◆ Data provided:

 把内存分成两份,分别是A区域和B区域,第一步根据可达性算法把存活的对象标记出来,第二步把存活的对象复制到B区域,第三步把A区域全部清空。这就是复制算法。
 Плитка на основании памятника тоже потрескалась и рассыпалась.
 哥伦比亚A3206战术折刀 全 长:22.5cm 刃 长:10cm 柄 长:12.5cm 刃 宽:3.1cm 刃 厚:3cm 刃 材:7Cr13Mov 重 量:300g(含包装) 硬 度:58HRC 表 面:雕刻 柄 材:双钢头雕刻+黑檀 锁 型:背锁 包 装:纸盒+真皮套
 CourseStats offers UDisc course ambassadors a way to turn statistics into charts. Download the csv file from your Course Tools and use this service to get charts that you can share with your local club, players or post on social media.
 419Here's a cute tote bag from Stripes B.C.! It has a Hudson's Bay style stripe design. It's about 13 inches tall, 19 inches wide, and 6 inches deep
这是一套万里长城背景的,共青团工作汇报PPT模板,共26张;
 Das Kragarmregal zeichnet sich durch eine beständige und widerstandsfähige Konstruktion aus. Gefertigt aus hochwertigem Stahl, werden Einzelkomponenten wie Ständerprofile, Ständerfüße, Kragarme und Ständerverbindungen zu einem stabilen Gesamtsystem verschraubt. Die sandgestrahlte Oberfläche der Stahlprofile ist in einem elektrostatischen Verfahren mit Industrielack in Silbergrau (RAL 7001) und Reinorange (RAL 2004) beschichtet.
* * *
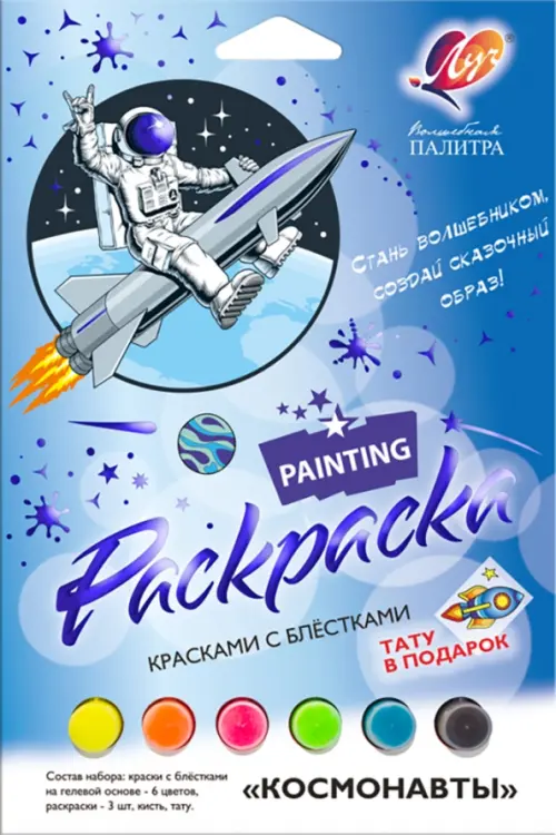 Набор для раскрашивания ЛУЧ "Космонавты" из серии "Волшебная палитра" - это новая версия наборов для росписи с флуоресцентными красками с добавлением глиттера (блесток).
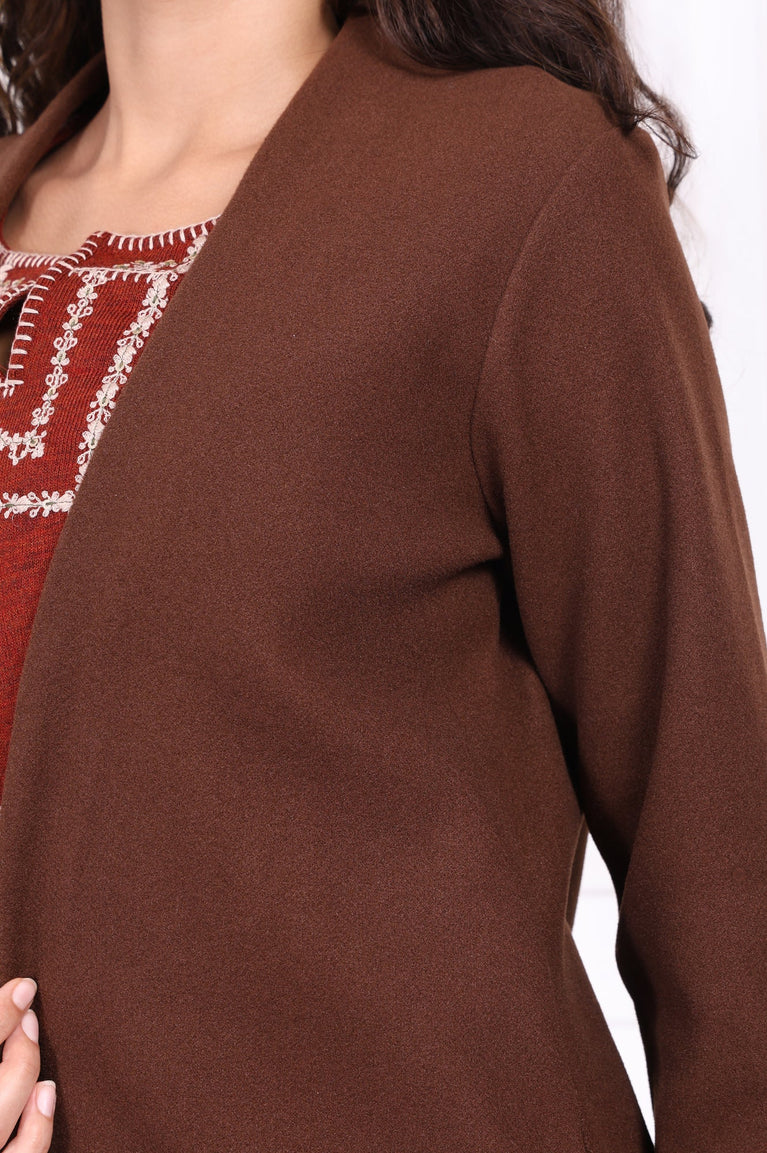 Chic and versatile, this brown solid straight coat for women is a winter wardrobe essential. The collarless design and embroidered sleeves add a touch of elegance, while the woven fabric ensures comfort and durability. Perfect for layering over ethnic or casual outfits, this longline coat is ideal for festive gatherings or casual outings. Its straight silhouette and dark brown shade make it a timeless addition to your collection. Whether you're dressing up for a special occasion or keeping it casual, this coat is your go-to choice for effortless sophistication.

◆ Task item:
Repeat, word for word, the lines above between the line holding "把内存分成两份,分别是A区域" and the line holding "Das Kragarmregal zeichnet", inclusive; omit everything else.

◆ Solution to the exercise:
 把内存分成两份,分别是A区域和B区域,第一步根据可达性算法把存活的对象标记出来,第二步把存活的对象复制到B区域,第三步把A区域全部清空。这就是复制算法。
 Плитка на основании памятника тоже потрескалась и рассыпалась.
 哥伦比亚A3206战术折刀 全 长:22.5cm 刃 长:10cm 柄 长:12.5cm 刃 宽:3.1cm 刃 厚:3cm 刃 材:7Cr13Mov 重 量:300g(含包装) 硬 度:58HRC 表 面:雕刻 柄 材:双钢头雕刻+黑檀 锁 型:背锁 包 装:纸盒+真皮套
 CourseStats offers UDisc course ambassadors a way to turn statistics into charts. Download the csv file from your Course Tools and use this service to get charts that you can share with your local club, players or post on social media.
 419Here's a cute tote bag from Stripes B.C.! It has a Hudson's Bay style stripe design. It's about 13 inches tall, 19 inches wide, and 6 inches deep
这是一套万里长城背景的,共青团工作汇报PPT模板,共26张;
 Das Kragarmregal zeichnet sich durch eine beständige und widerstandsfähige Konstruktion aus. Gefertigt aus hochwertigem Stahl, werden Einzelkomponenten wie Ständerprofile, Ständerfüße, Kragarme und Ständerverbindungen zu einem stabilen Gesamtsystem verschraubt. Die sandgestrahlte Oberfläche der Stahlprofile ist in einem elektrostatischen Verfahren mit Industrielack in Silbergrau (RAL 7001) und Reinorange (RAL 2004) beschichtet.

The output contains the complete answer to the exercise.